Under full faith and credit, New Mexico determines case where no res judicata. — In view of the construction of its own judgments by the courts of Texas, the court concludes that the appeal from the award of the Texas industrial accident board by the claimant in this case denies that award the requisite finality to make it res judicata in Texas, and thus the lower New Mexico court was free under the full faith and credit clause to hear and determine the claim to compensation under the New Mexico Workmen's (Workers') Compensation Law. Chapman v. John St. John Drilling Co., 1963-NMSC-214, 73 N.M. 261, 387 P.2d 462 (decided under prior law).

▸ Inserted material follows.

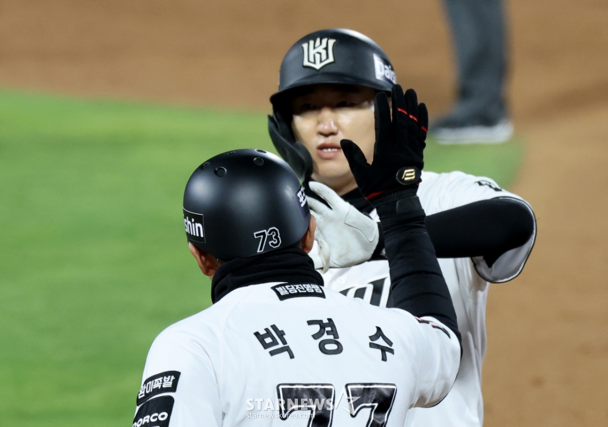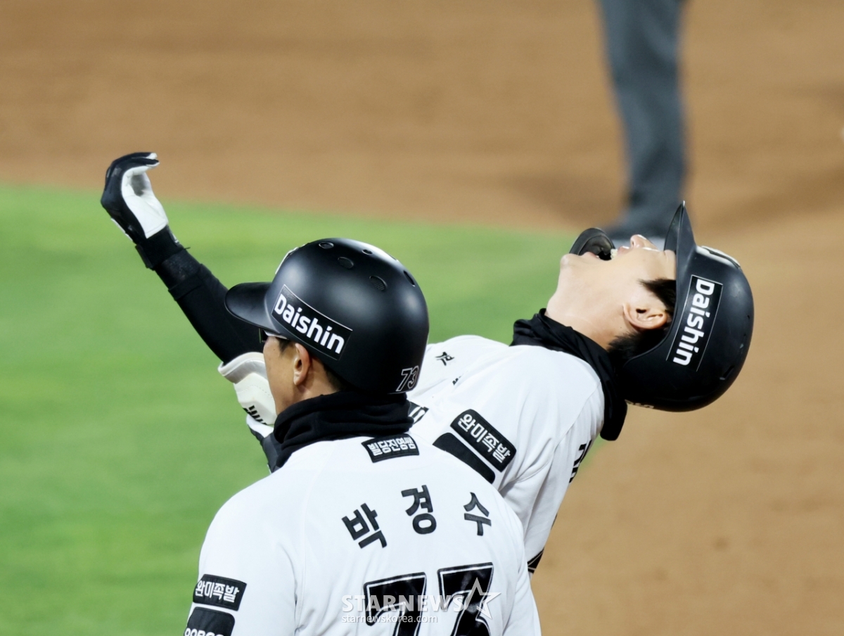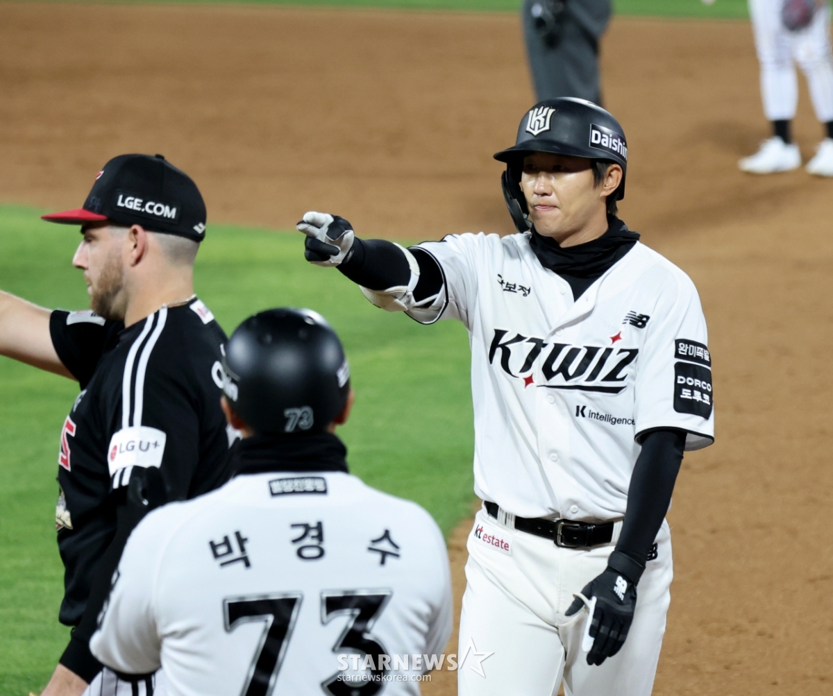 KT 2번타자 김민혁이 28일 수원KT위즈파크에서 열린 2026KBO리그 LG트윈스와 KT위즈 경기 7회말 2사 2,3루에서 역전 2타점 안타를 터트린 후 환호하고 있다. 2026.04.28.
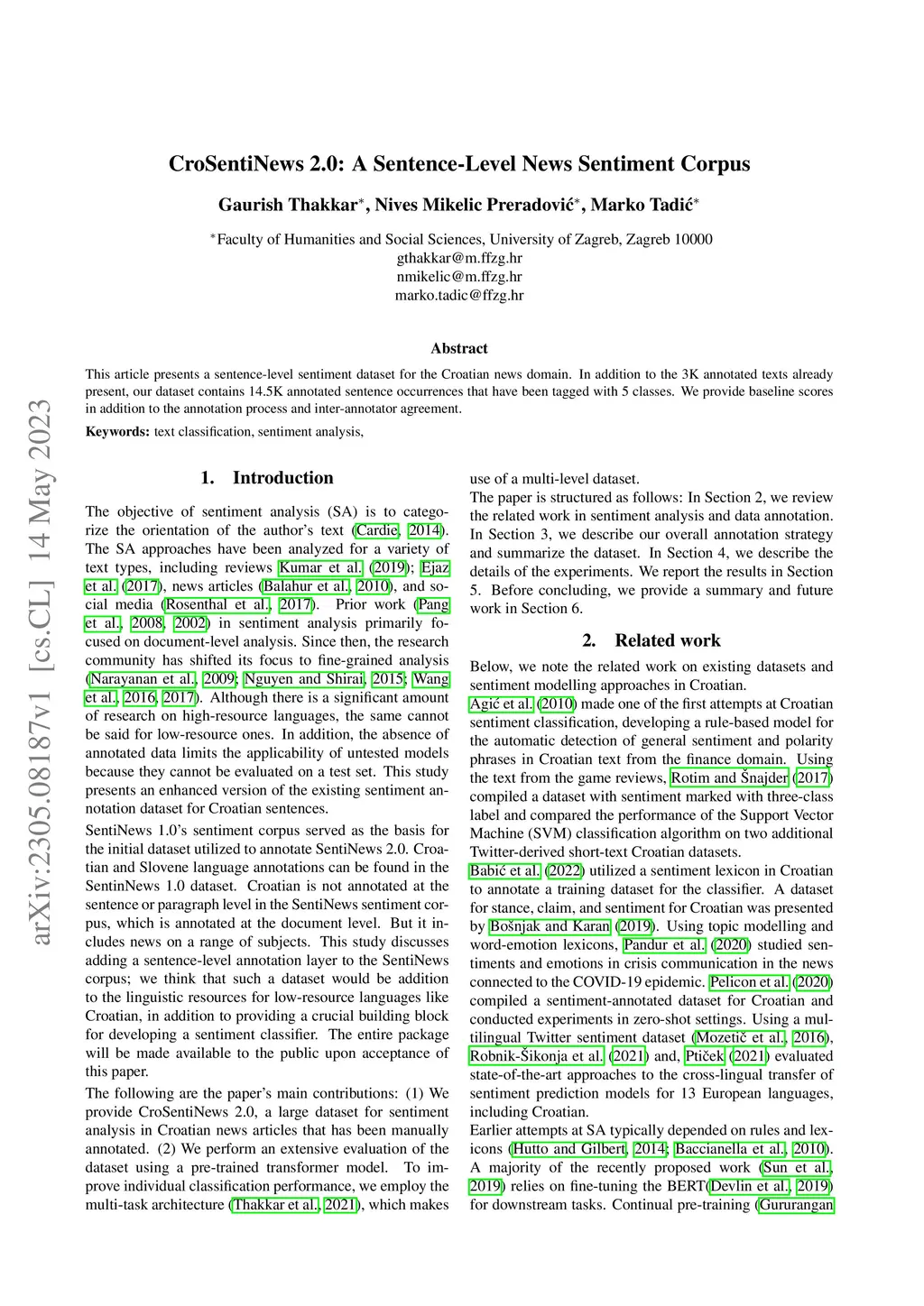 This article presents a sentence-level sentiment dataset for the Croatian news domain. In addition to the 3K annotated texts already present, our dataset contains 14.5K annotated sentence occurrences that have been tagged with 5 classes. We provide baseline scores in addition to the annotation process and inter-annotator agreement.

An appeal from judgment prevents its operation as res judicata. Chapman v. John St. John Drilling Co., 1963-NMSC-214, 73 N.M. 261, 387 P.2d 462 (decided under prior law).
Federal question where one state refuses credit to judgment of another. — The effect of a state's prior award under a workmen's (workers') compensation law on the ability of a different state to award supplemental benefits under its own workmen's (workers') compensation statute is a question involving the federal constitution as when a state court refuses credit to the judgment of a sister state because of its opinion of the nature of the cause of action or the judgment in which it is merged, an asserted federal right is denied and the sufficiency of the grounds of denial are for supreme court of the United States to decide. Chapman v. John St. John Drilling Co., 1963-NMSC-214, 73 N.M. 261, 387 P.2d 462 (decided under prior law).
Accepting Texas payments not waiving New Mexico rights. — Claimant did not waive any rights he had under the New Mexico Workers' Compensation Act by accepting compensation payments under the Texas act. Franklin v. Geo. P. Livermore, Inc., 1954-NMSC-054, 58 N.M. 349, 270 P.2d 983 (decided under prior law).
Am. Jur. 2d, A.L.R. and C.J.S. references. — 82 Am. Jur. 2d Workers' Compensation §§ 416, 417.